A bigger one was that Jane Byrne lost reelection that same year to Harold Washington, Chicago’s first Black mayor. The contest transferred into his administration, and according to newspaper reports at the time, Washington wasn’t a fan of the winning song. After hearing it twice, he reportedly said, simply, “I am not moved,” and the song was discarded.
The mayor’s press secretary told The New York Times that Washington wanted a song to capture Chicago’s history and diversity, specifically wanting to hear a mention of Jean Baptiste Point du Sable, Chicago’s first non-native settler and a person of color.
But the contest’s now jilted winner Jeff Jacobs speculated the decision was politically motivated: one of the anthem’s defenders was none other than Ald. Ed Burke, one of the ringleaders of the Council Wars that pitted 29 white aldermen against Washington’s entire agenda.

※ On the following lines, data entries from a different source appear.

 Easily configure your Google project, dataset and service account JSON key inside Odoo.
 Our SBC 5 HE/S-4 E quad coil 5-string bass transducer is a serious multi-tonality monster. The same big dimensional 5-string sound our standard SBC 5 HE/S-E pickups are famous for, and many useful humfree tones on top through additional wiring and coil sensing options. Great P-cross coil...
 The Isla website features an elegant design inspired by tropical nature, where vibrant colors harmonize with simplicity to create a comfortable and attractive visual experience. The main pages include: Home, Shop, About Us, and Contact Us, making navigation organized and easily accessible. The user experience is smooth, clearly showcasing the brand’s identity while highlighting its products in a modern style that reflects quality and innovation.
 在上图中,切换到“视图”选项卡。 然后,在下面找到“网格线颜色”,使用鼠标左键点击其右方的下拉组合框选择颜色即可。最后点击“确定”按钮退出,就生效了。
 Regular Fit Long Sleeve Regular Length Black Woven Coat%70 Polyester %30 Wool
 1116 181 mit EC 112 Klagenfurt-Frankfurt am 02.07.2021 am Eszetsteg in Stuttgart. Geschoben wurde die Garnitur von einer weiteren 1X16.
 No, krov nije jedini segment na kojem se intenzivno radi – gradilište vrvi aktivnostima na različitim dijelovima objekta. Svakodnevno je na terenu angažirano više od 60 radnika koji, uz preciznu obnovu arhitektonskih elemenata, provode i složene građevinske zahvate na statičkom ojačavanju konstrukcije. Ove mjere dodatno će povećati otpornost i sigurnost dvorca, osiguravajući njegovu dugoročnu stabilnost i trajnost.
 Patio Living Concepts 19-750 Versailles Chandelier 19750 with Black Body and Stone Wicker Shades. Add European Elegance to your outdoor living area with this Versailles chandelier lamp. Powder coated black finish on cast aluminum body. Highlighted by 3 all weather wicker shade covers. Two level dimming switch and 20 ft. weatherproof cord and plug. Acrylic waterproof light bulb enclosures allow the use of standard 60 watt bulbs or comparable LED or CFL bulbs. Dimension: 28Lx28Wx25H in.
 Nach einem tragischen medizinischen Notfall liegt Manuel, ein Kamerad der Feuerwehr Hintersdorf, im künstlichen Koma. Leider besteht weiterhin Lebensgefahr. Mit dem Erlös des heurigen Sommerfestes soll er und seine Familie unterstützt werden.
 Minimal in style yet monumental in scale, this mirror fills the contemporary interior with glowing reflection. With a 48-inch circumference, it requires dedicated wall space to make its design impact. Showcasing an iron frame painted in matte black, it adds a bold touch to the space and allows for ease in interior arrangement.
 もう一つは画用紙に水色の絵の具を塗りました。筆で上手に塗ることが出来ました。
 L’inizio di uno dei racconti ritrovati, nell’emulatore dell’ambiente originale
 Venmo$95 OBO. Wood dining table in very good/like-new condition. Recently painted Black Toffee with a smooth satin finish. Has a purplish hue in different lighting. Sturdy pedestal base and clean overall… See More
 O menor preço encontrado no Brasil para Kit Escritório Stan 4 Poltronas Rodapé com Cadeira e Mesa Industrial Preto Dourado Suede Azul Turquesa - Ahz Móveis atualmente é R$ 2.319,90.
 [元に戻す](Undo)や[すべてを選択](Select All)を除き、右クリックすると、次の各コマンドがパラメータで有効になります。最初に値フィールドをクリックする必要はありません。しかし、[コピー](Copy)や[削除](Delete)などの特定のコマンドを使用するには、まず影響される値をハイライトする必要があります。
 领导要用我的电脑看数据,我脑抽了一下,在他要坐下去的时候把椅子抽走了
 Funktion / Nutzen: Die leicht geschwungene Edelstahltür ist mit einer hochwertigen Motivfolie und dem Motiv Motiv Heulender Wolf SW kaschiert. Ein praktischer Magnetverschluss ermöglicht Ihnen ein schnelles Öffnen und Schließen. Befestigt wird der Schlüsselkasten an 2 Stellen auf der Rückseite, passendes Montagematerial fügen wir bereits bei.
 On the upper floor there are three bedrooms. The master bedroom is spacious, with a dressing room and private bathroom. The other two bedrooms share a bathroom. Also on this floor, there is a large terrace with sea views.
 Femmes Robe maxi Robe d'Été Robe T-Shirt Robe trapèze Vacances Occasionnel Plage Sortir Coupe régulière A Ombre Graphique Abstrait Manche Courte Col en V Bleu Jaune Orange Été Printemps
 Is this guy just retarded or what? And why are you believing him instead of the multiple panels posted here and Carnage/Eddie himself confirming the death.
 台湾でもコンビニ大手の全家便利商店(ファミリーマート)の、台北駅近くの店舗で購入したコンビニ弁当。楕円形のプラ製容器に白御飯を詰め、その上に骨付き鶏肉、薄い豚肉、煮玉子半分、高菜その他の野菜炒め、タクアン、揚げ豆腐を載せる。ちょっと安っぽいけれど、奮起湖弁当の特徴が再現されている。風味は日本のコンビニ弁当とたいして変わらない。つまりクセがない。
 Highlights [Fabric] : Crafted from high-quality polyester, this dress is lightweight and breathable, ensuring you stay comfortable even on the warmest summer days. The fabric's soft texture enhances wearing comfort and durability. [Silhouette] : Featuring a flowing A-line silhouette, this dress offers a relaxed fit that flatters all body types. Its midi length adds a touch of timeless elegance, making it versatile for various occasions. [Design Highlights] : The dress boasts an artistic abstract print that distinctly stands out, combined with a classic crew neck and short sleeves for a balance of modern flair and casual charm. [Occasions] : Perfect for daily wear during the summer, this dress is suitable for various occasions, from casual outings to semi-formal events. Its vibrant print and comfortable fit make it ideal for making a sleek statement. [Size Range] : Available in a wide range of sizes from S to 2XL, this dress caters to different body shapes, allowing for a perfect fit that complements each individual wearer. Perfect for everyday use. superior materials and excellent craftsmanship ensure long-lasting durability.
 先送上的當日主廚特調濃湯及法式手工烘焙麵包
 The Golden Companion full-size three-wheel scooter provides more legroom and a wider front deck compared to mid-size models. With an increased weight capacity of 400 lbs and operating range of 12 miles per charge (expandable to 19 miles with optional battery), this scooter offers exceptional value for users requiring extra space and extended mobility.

After that, most of the contest’s judges resigned in protest, but Jacobs’ song did get played on the radio as far west as California. And Jacobs says after more than a year of “wrangling with the city,” he did receive the $5,000 prize money.
But this wasn’t the first or last search for a Chicago anthem.
In 1921, The Herald and Examiner newspaper ran a contest searching for a city song. The winner of a $2,000 prize was something called “Hail Chicago,” but it never really caught on.
And in 1985, Chicago’s tourism board sponsored a contest of their own. The winner, titled “Calling Me Home, Chicago,” by Paul David Wilson received substantial radio play as a single – and was even featured in a city commercial starring the one and only Rock Hudson.
There were several other attempts to establish a song after that, mostly going nowhere. But if the city decides to look again, maybe they’ll give our questioner M.J. a call. And if you’d like to hear our questioner's submission for yourself, you can find it below.
NOTE: An earlier version of this story made an incorrect statement about the prize money awarded to Jeff Jacobs. The story has been corrected.